A conveyor belt carries supplies from the first floor to the second floor, which is 12 feet higher. The belt makes a 60° angle with the ground. How far do the supplies travel from one end of the conveyor belt to the other? If the belt moves at 80 ft / min how long does it take the supplies to move to the second floor to the nearest tenth of a minute.
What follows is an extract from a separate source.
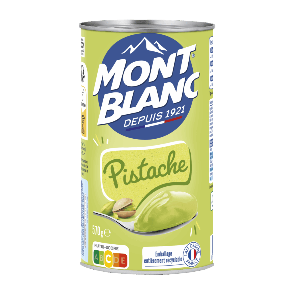 Lait origine France 78 % (lait entier concentré, poudre de lait écrémé), sucre, eau, pâte de pistache (sirop de sucre inverti, pistaches vertes de Californie 0,5 %, eau, huile de tournesol, arôme), amidon transformé de maïs, amidon de maïs, fécule de manioc, épaississant : carraghénanes, émulsifiant : mono- et diglycérides d’acides gras, sel, colorants : riboflavine – bleu patenté V. Peut contenir des traces d’autres fruits à coque.

We can use trigonometry to solve this problem. Let's call the distance the supplies travel "x". Then we can set up a right triangle with the conveyor belt as the hypotenuse, and the ground and the vertical height of the second floor as the legs:

[asy]
pair A=(0,0), B=(43.3,25), C=(43.3,0);
draw(A--B--C--cycle);
draw(rightanglemark(A,C,B,60));
label("60°",C+(1,0));
label("$x$ ft",B/2);
label("12 ft",B-C/2);
label("$h$ ft",C/2);
[/asy]

Using the angle and the vertical leg, we can find the length of the hypotenuse:

$$\sin 60^\circ = \frac{h}{x} \quad \Rightarrow \quad x = \frac{h}{\sin 60^\circ} = \frac{12}{\sqrt{3}/2} = 24\sqrt{3} \approx 41.6 \text{ ft}$$

So the supplies travel about 41.6 feet from one end of the conveyor belt to the other. To find how long it takes for the supplies to move to the second floor, we can divide the distance by the speed of the belt:

$$\frac{41.6 \text{ ft}}{80 \text{ ft/min}} \approx 0.52 \text{ min} \approx 0.5\text{ min}$$

So the answer is (C) 42 ft ; 0.5 min.